Pacifica.jpg

This morning I dreamt that suddenly I’d been given a new home: the greenhouse behind some big mansion where many people lived. The greenhouse sat in a parklike setting, but it was filled to the brim with old stuff, crud that needed to be thrown out before I could really move in. So I felt glad to be moving the unneeded things out of my greenhouse home, but also frustrated with the work — so much needed to be discarded, hauled out as junk or thrown on the pile of recycled garden compost. My friend was there watching me, leading her cat by a tiny halter and leash.
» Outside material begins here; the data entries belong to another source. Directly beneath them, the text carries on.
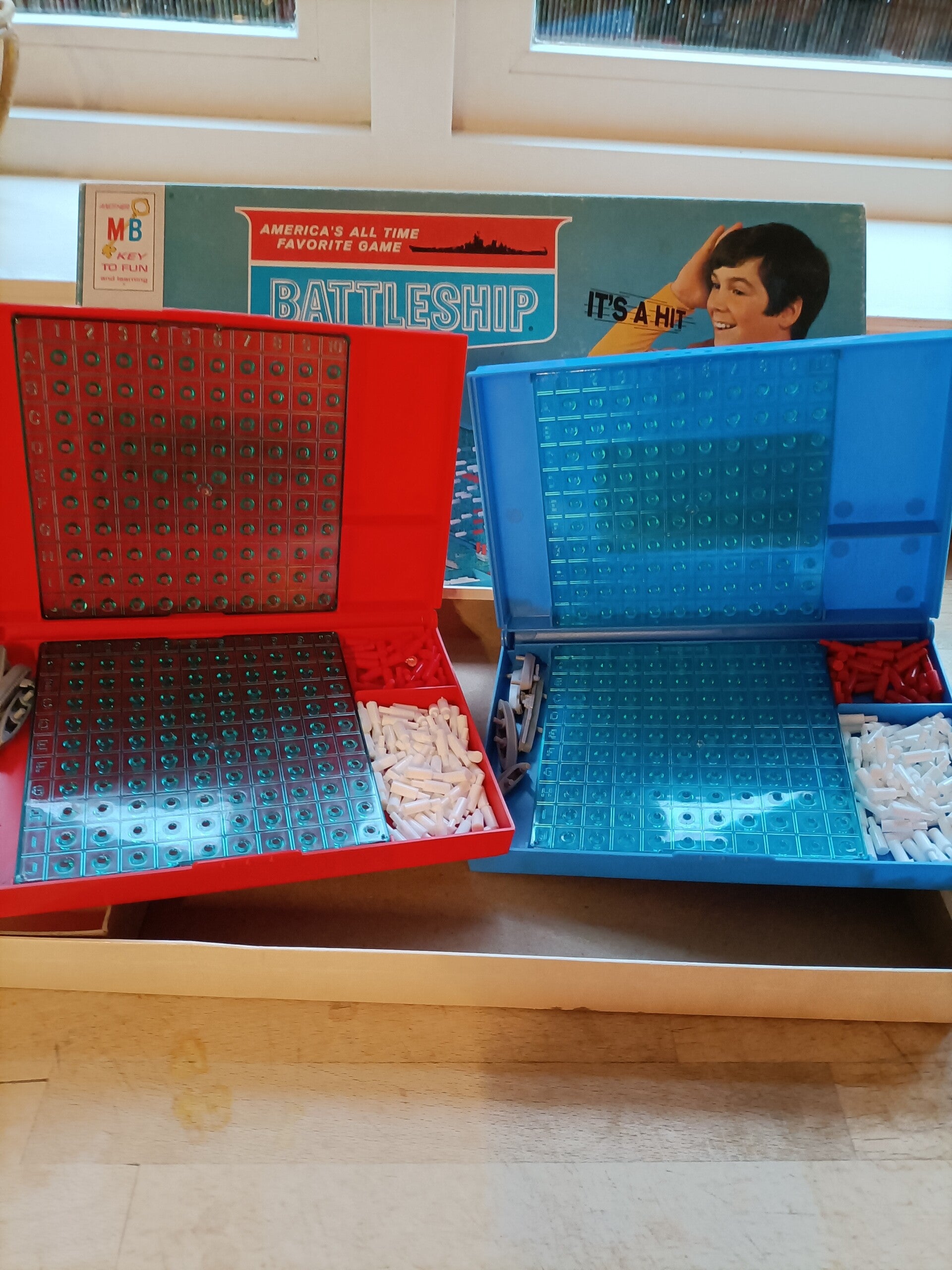 Dit vintage spel is Battleship. Deze versie werd uitgebracht door Milton Bradley in 1967. Dit spel is voor kinderen van 8 tot volwassenen. Het doel van het spel is om al je tegenstanders schepen tot zinken te brengen. Dit spel is in uitstekende staat. Uit de doos: "Battleship is het oude favoriete marinespel waarin twee spelers elkaars verborgen schepen tot zinken proberen te brengen. Het is handig verpakt in op zichzelf staande stevige plastic gamekits, compleet met opbergvakken voor de kleine schepen en markeringspennen. Het kan binnen enkele minuten speelklaar worden ingesteld en snel worden opgeborgen wanneer het niet in gebruik is. In dit moderne, compacte voor,, BATTLESHIP zal aangenaam entertainment voor het hele gezin zorgen." Dit is een geweldig cadeau of een spel om thuis te spelen!
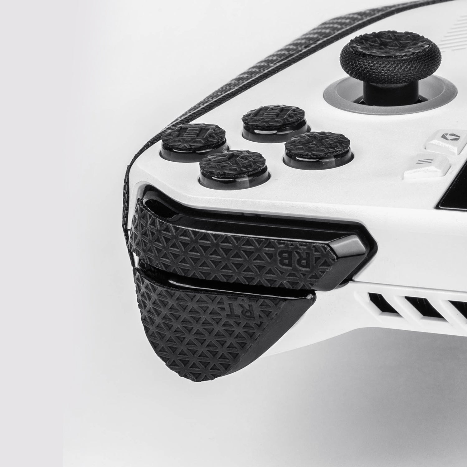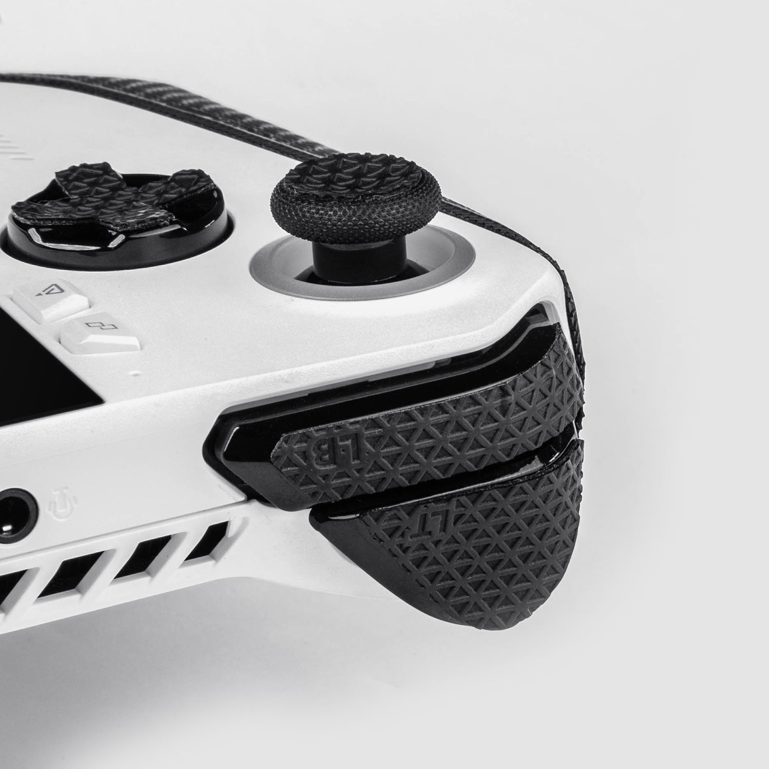 ・多数プレーヤーからコントローラーの使用習慣データを収集します。グリップ力とタッチポイントに最適化され、専用のテクスチャーを設計します。滑り防止の同時、操作に邪魔なく絶妙なバランスを達成します。最薄部分はわずか0.21mmの厚さ(平均厚さ0.45mm)で、コントローラー本来の握り心地を最大限に保持します。※ |
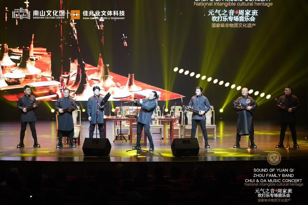 音乐会以“元气之音”为主题,分三个篇章呈现。在《梵字调》《庆贺令》等传统曲目中,周家班展现了扎根乡土的仪式音乐与生活气息;《大对棚》段落则以激昂的喇叭对奏,彰显民间艺术的蓬勃生命力。在现代创编环节,《江湖·逍遥游》《云宫神话》等作品融合武侠意境与电子音效,体现传统与当代的对话。第七代传承人带来的原创曲目《鸠兹风云曲》,展现出新生代的创作实力与演绎风范。
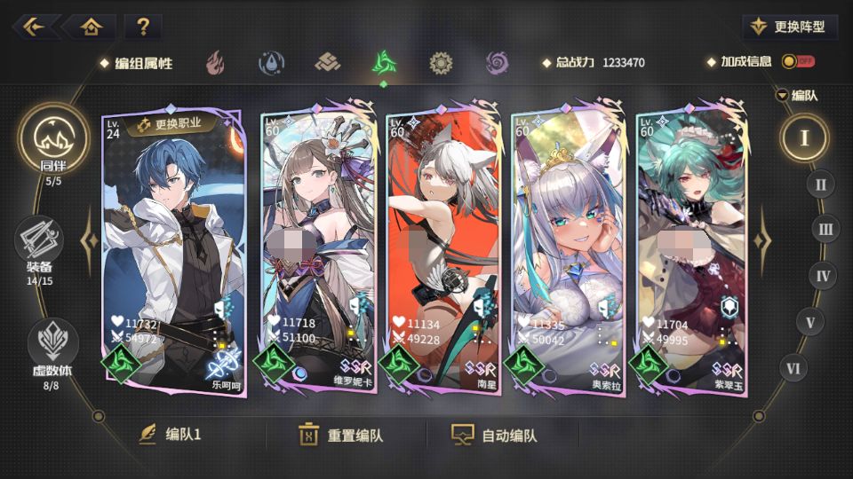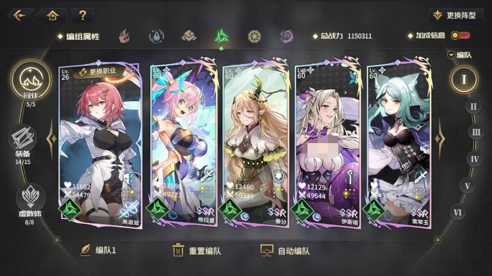 前排角色使用格拉夏、春分、盖乌斯、比比安。
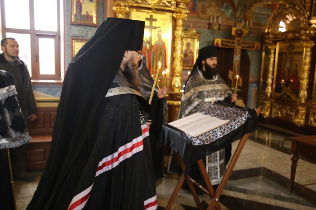 По прочтении канона владыка Варлаам, преклонив колени, вознес молитву на начало Святой Четыредесятницы.
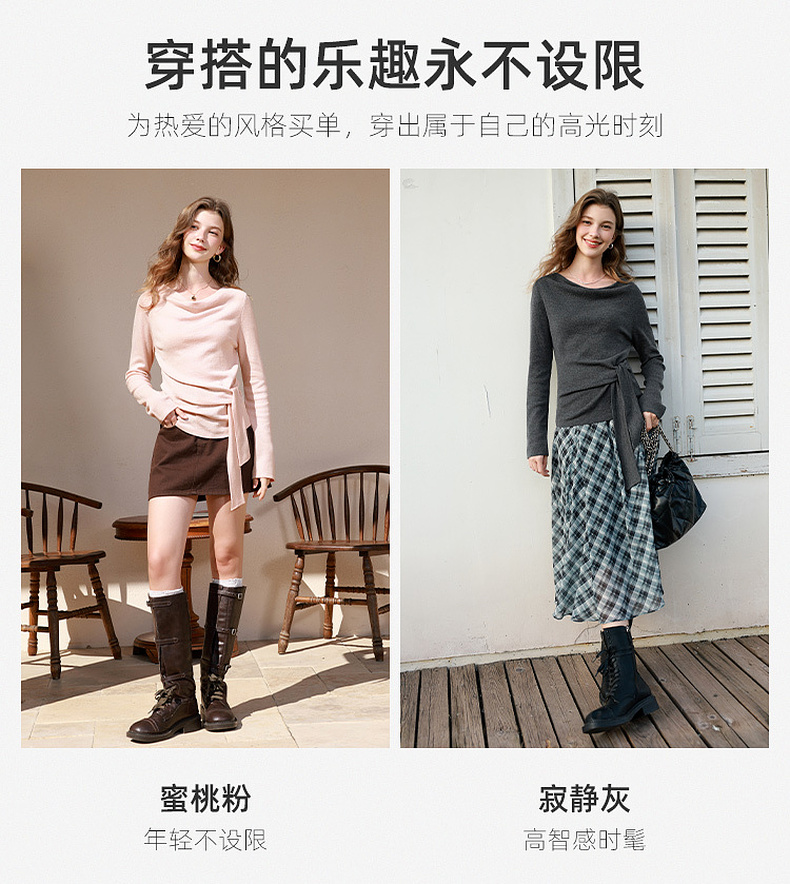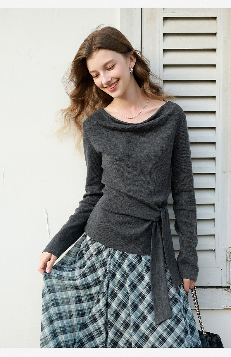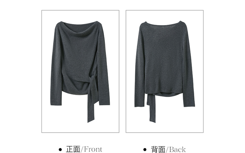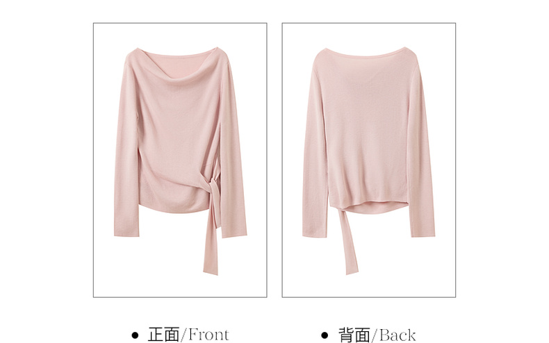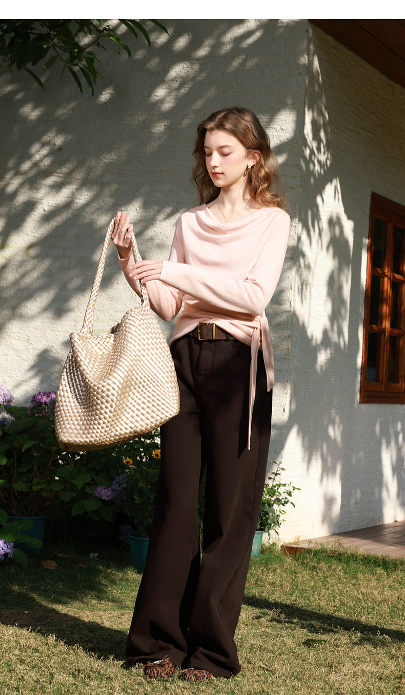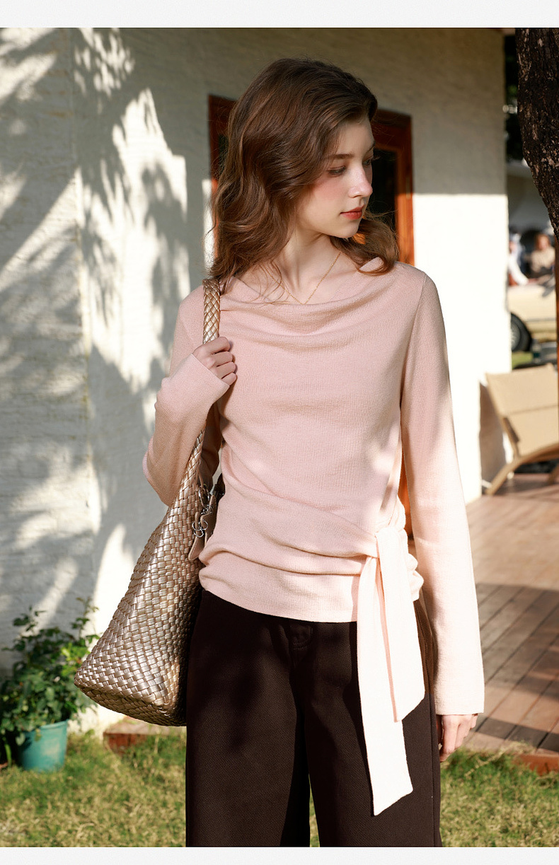 三彩2026春季新款荡领针织衫绑带毛衫修身长袖套头衫优雅M
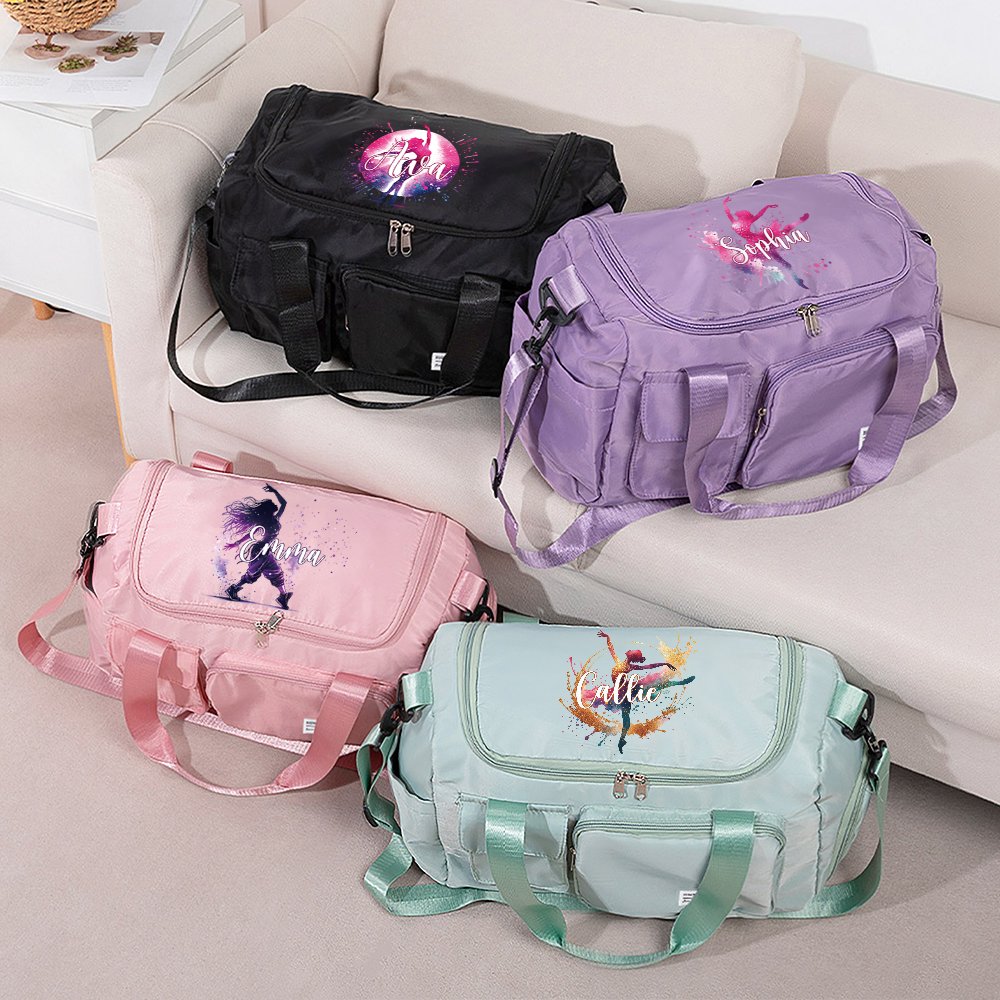This bag features stunning watercolors of ballerinas or street dancers, capturing the energy and grace of dance, making it the perfect accessory for any dancer.
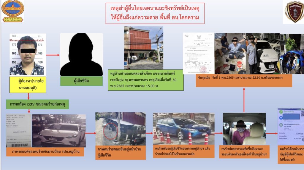 ตำรวจสืบสวน สน.โคกคราม ร่วมกับ ตำรวจ สภ.บางบัวทอง จ.นนทบุรี แถลงจับกุม นายโย (นามสมมุติ) อายุ 28 ปี ผู้ต้องหาก่อเหตุฆ่าชิงทรัพย์หญิง อายุประมาณ 50 ปี ภายในหมู่บ้านหรู ย่านนวลจันทร์ เมื่อช่วงบ่ายของวันที่ 30 พฤศจิกายน ที่ผ่านมา โดยตำรวจจับกุมได้ที่บ้านพักของผู้ต้องหาย่านบางบัวทอง และสามารถยึดของกลางทรัพย์สิน ได้เป็น รถยนต์ 1 คัน, สร้อยคอทองคำ น้ำหนัก 10 บาท 1 เส้น, สร้อยข้อมือ น้ำหนัก 5 บาท, ทองตำแผ่น 1 สลึง, โทรศัพท์มือถือ และไอแพด
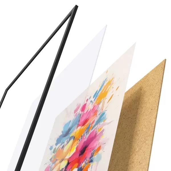 Das Poster besteht aus einem Rahmen, Plexiglas, einem gedruckten Bild und einer Rückwand aus Spanplatten. Dank der Halterungen auf der Rückseite kann das Poster sofort an die Wand gehängt werden.
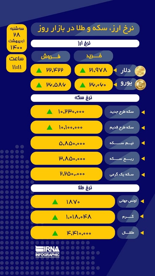 آخرین نرخ ارز، سکه و طلا در بازار (۱۴۰۰/۰۲/۲۸)
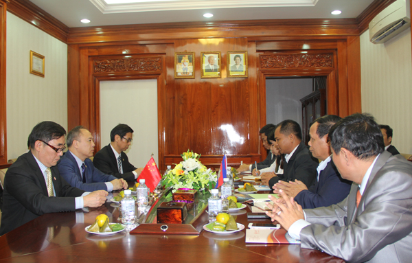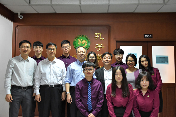 在柬埔寨王家研究院,代表团听取了孔子学院负责人对柬埔寨华文教育现状及孔子学院工作开展情况的介绍,与该院院长SOK Touch博士、秘书长Yang Poeu博士等会谈交流。双方表达了在华文教育、科研合作、高端学术论坛等领域建立合作关系的愿望,并约定尽快签订合作意向协议,实现双方互动互访。
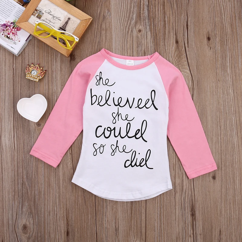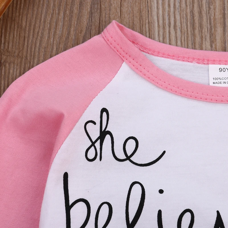 Bargain Nouveau-né bébé filles décontracté à manches longues o-cou lettre rose T-Shirt tenue automne Sunsui
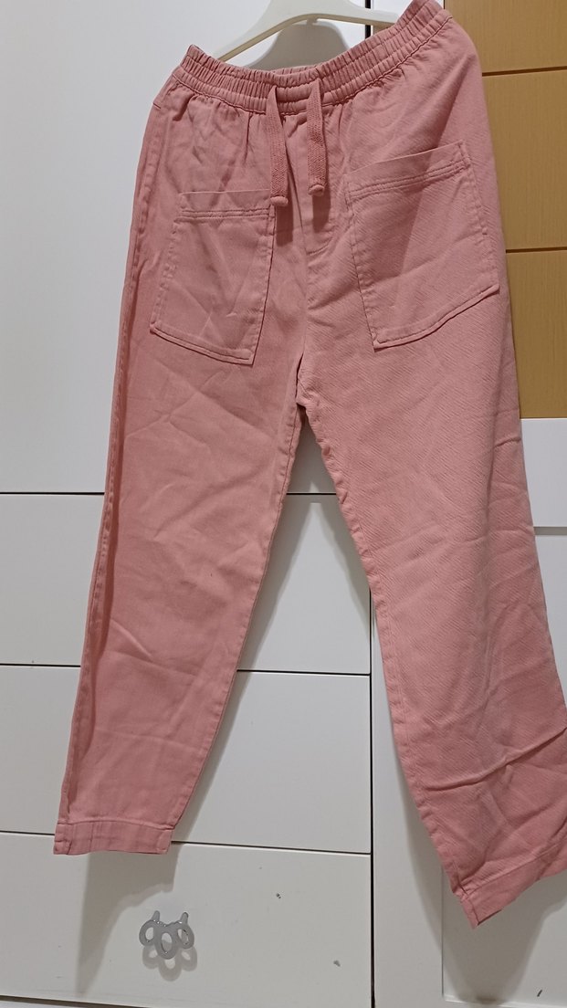 Ön cepli, midi boy, pembe keten rahat kesim kadın pantolon, gündelik kullanıma uygun zahmetsiz şıklık sunar.
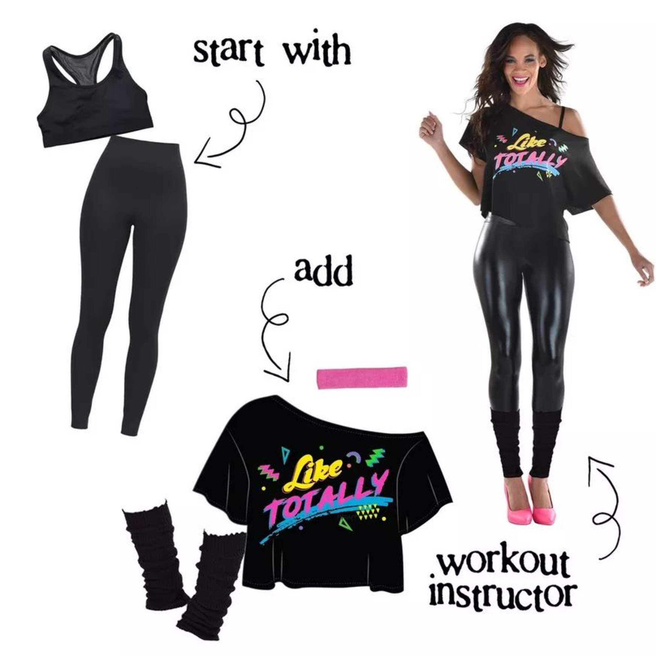 Loose-fitting crop top is worn off the shoulder and makes the perfect decade costume
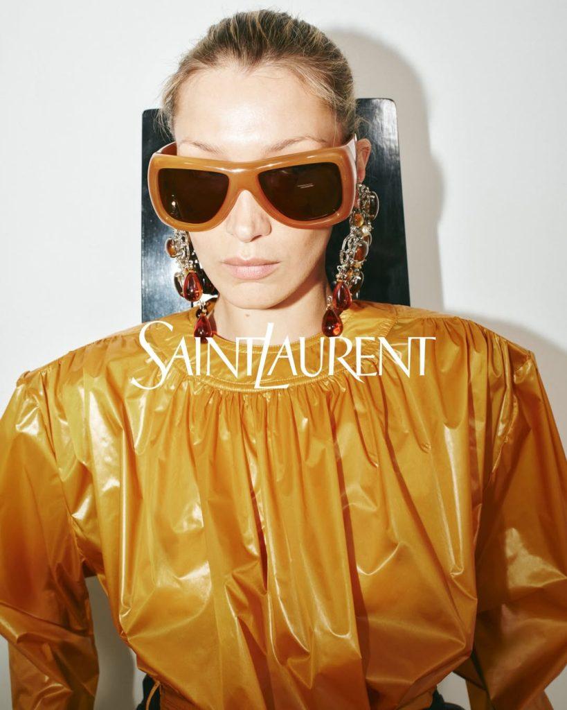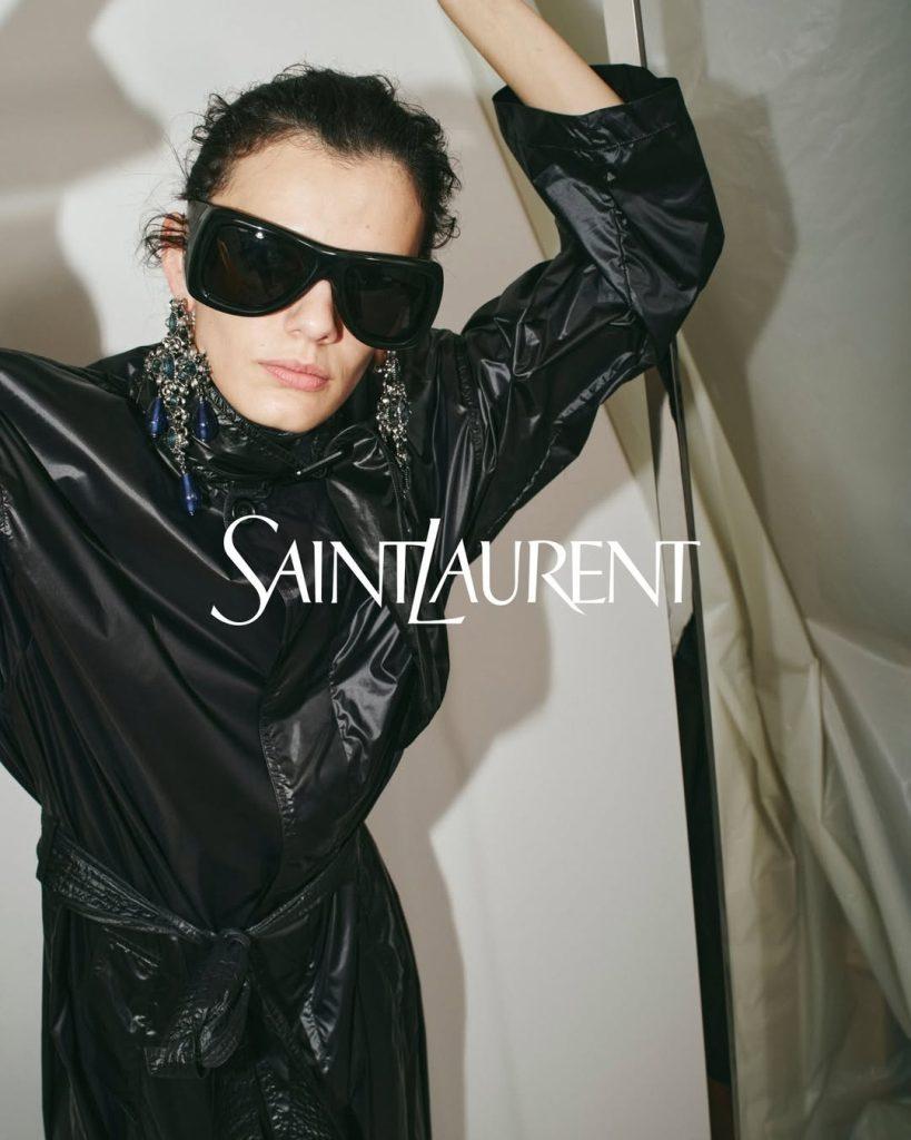 Dopo i primi segnali della scorsa stagione, l’orientamento verso una silhouette più strutturata trova piena conferma in Saint Laurent, che ha chiuso la giornata con 18 look in total leather: trench chiusi fino al collo, chiodi XXL, gonne dritte, maniche a sbuffo e fiocchi monumentali.
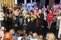 Professorin em. Dr. Dr. h.c. Ursula Hansen mit Konrad Haas und den Darstellenden aus "Himmel Hagel Stern und Blitz" bei der Premiere.

No doubt the Jungians will have fun with this.

When I told her about the dream, she said, “Well, it sounds like you have a new home that is about your own personal growth, but first you have to move a lot of old stuff out — and you are doing it!”

But the feeling of the dream also included a separation, a faced loneliness, at least for awhile until everything that is old and doesn’t belong to me, can be cleared away. The feeling was this task should have been done a long, long time ago, and that everyone, in one way or another, must attend to the same process….

A couple weeks ago, I looked out at the ocean from Pacifica, California (grabbing the picture with my phone) and I had a similar feeling…the clearing away of the old. It happens consciously or unconsciously, I suppose, all the waves of subliminal knowing rolling in and through, and leaving me now and then with a potent symbol or a memorable dream.